● Work instructions: Beneath this instruction is a listing; print exactly the lines in it starting at the line that contains "Vor Wochen teilte" and going through the line that contains "Ventus taklampe en".

● Data shown:
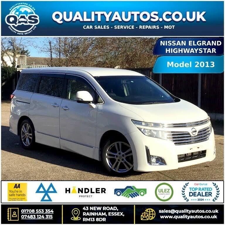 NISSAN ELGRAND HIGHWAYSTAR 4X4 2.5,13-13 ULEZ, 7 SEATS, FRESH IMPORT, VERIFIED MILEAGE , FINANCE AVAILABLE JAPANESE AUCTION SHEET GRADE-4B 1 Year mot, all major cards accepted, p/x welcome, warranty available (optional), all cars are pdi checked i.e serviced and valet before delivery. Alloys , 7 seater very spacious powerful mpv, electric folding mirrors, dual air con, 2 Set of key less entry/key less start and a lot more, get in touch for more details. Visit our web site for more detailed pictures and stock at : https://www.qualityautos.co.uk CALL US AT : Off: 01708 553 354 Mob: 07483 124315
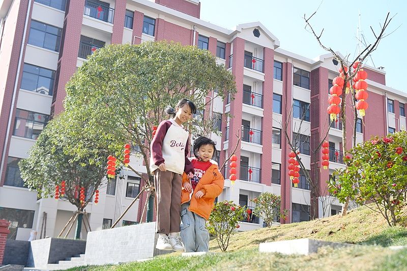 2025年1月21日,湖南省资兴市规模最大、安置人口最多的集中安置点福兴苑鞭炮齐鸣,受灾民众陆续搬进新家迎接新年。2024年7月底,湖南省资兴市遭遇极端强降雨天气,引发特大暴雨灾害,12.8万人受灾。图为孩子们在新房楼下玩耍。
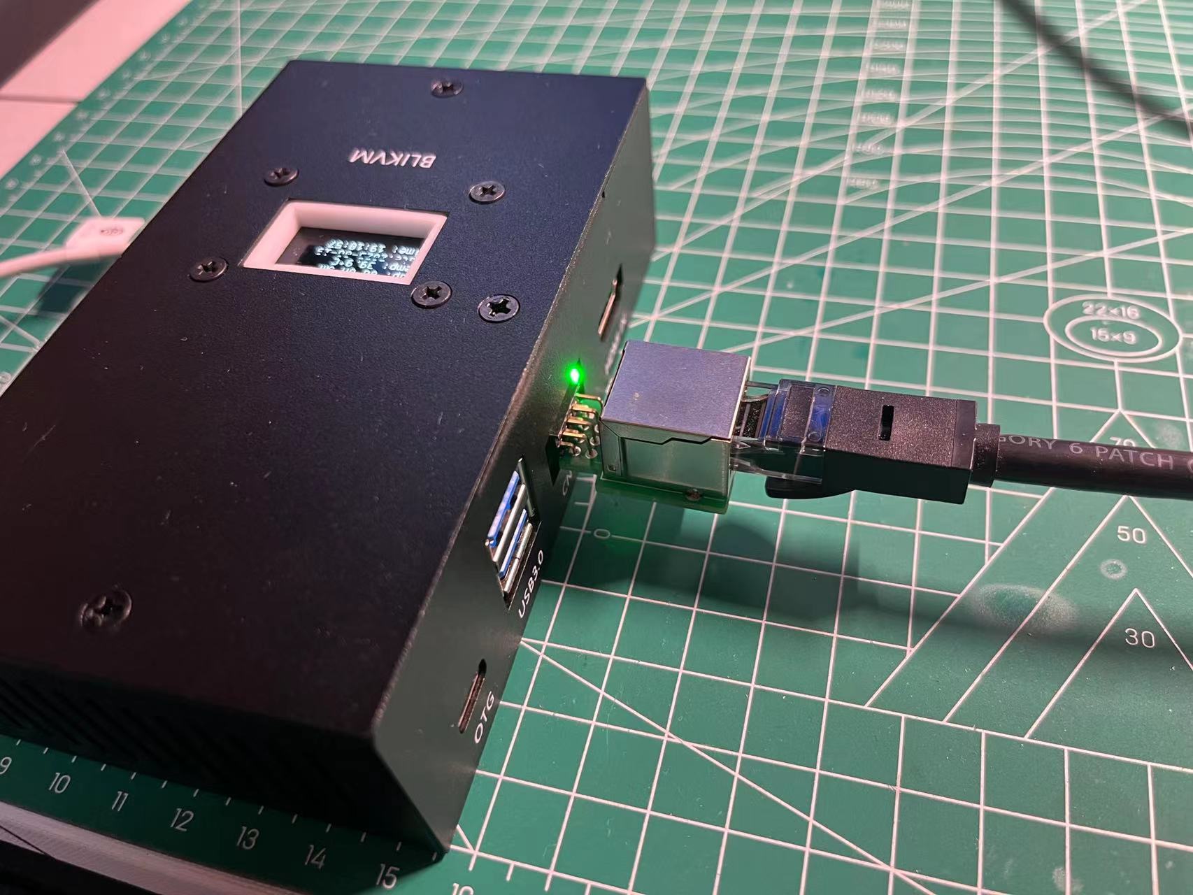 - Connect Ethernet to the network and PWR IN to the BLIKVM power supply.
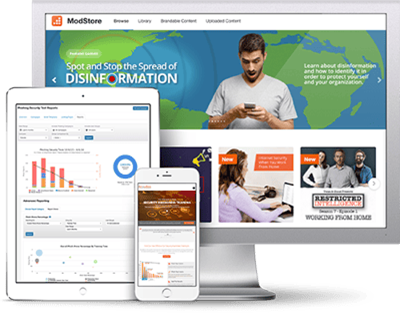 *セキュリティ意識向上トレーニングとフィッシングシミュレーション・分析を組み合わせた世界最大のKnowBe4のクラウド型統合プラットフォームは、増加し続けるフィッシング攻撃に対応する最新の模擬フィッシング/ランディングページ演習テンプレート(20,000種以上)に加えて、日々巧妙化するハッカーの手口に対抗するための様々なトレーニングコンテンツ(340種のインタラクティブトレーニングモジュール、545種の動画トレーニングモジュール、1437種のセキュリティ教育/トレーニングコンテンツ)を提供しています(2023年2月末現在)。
* * *
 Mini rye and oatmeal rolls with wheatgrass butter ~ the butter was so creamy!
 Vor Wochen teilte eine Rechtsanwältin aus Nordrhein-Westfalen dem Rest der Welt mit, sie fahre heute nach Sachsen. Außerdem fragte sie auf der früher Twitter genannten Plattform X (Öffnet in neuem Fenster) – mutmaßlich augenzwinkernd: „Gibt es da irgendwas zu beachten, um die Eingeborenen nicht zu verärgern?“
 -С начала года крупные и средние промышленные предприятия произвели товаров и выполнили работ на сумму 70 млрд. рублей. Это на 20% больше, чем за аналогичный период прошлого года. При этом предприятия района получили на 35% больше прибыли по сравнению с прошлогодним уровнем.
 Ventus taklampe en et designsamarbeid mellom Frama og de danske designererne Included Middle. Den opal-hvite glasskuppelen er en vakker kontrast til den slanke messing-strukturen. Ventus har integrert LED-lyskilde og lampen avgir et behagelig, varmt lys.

● Answer to this problem:
 Vor Wochen teilte eine Rechtsanwältin aus Nordrhein-Westfalen dem Rest der Welt mit, sie fahre heute nach Sachsen. Außerdem fragte sie auf der früher Twitter genannten Plattform X (Öffnet in neuem Fenster) – mutmaßlich augenzwinkernd: „Gibt es da irgendwas zu beachten, um die Eingeborenen nicht zu verärgern?“
 -С начала года крупные и средние промышленные предприятия произвели товаров и выполнили работ на сумму 70 млрд. рублей. Это на 20% больше, чем за аналогичный период прошлого года. При этом предприятия района получили на 35% больше прибыли по сравнению с прошлогодним уровнем.
 Ventus taklampe en et designsamarbeid mellom Frama og de danske designererne Included Middle. Den opal-hvite glasskuppelen er en vakker kontrast til den slanke messing-strukturen. Ventus har integrert LED-lyskilde og lampen avgir et behagelig, varmt lys.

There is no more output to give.